##### WORKING DATA

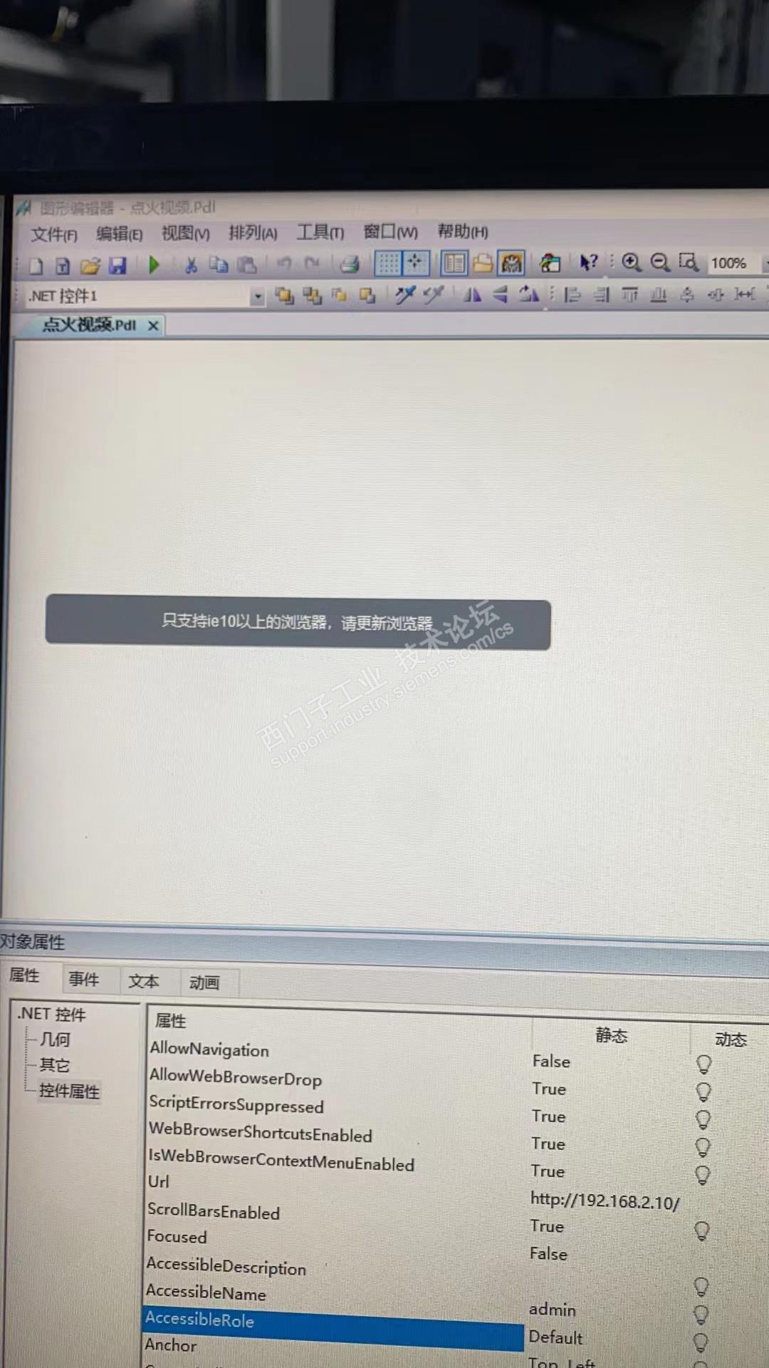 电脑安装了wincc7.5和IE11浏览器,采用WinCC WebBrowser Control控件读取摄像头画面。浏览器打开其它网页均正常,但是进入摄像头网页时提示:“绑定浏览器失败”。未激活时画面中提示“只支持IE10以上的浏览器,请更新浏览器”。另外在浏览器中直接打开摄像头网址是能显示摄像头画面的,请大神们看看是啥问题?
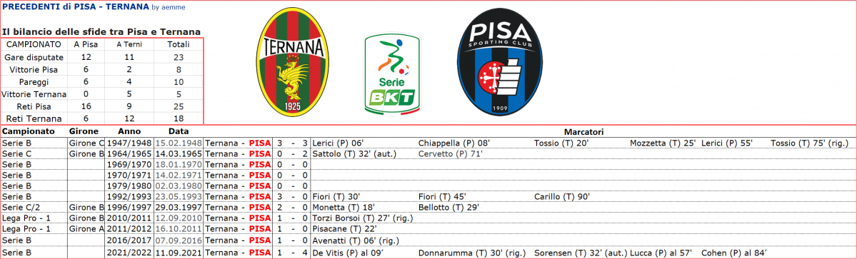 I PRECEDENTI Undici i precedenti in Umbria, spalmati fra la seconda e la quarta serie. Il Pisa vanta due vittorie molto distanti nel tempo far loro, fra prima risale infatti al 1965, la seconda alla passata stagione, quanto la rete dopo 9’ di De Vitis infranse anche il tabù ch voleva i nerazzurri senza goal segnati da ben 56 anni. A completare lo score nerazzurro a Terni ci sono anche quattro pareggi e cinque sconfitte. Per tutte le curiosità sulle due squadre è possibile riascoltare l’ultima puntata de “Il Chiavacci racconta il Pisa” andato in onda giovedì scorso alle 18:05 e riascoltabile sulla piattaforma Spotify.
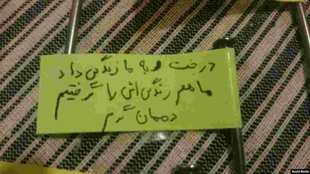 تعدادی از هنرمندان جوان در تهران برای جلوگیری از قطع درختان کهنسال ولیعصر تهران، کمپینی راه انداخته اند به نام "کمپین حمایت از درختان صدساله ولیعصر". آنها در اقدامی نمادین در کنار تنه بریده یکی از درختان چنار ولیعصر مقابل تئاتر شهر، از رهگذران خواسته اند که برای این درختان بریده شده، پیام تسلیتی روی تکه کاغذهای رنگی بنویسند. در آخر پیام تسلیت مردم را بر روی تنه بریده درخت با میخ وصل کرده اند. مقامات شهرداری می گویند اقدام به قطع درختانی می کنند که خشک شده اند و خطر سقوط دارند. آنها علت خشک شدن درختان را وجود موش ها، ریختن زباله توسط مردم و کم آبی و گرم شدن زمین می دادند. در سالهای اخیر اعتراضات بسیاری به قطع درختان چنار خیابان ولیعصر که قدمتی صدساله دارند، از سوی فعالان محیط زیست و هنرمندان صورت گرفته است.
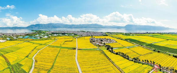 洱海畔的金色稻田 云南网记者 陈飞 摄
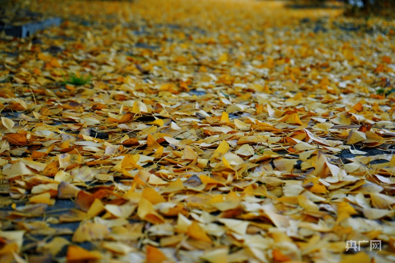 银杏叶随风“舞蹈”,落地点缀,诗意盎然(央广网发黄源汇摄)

##########

EXERCISE PROMPT -> None of the images should be copied, but every entry must be given again exactly.

EXERCISE OUTPUT ->
 电脑安装了wincc7.5和IE11浏览器,采用WinCC WebBrowser Control控件读取摄像头画面。浏览器打开其它网页均正常,但是进入摄像头网页时提示:“绑定浏览器失败”。未激活时画面中提示“只支持IE10以上的浏览器,请更新浏览器”。另外在浏览器中直接打开摄像头网址是能显示摄像头画面的,请大神们看看是啥问题?
 I PRECEDENTI Undici i precedenti in Umbria, spalmati fra la seconda e la quarta serie. Il Pisa vanta due vittorie molto distanti nel tempo far loro, fra prima risale infatti al 1965, la seconda alla passata stagione, quanto la rete dopo 9’ di De Vitis infranse anche il tabù ch voleva i nerazzurri senza goal segnati da ben 56 anni. A completare lo score nerazzurro a Terni ci sono anche quattro pareggi e cinque sconfitte. Per tutte le curiosità sulle due squadre è possibile riascoltare l’ultima puntata de “Il Chiavacci racconta il Pisa” andato in onda giovedì scorso alle 18:05 e riascoltabile sulla piattaforma Spotify.
 تعدادی از هنرمندان جوان در تهران برای جلوگیری از قطع درختان کهنسال ولیعصر تهران، کمپینی راه انداخته اند به نام "کمپین حمایت از درختان صدساله ولیعصر". آنها در اقدامی نمادین در کنار تنه بریده یکی از درختان چنار ولیعصر مقابل تئاتر شهر، از رهگذران خواسته اند که برای این درختان بریده شده، پیام تسلیتی روی تکه کاغذهای رنگی بنویسند. در آخر پیام تسلیت مردم را بر روی تنه بریده درخت با میخ وصل کرده اند. مقامات شهرداری می گویند اقدام به قطع درختانی می کنند که خشک شده اند و خطر سقوط دارند. آنها علت خشک شدن درختان را وجود موش ها، ریختن زباله توسط مردم و کم آبی و گرم شدن زمین می دادند. در سالهای اخیر اعتراضات بسیاری به قطع درختان چنار خیابان ولیعصر که قدمتی صدساله دارند، از سوی فعالان محیط زیست و هنرمندان صورت گرفته است.
 洱海畔的金色稻田 云南网记者 陈飞 摄
 银杏叶随风“舞蹈”,落地点缀,诗意盎然(央广网发黄源汇摄)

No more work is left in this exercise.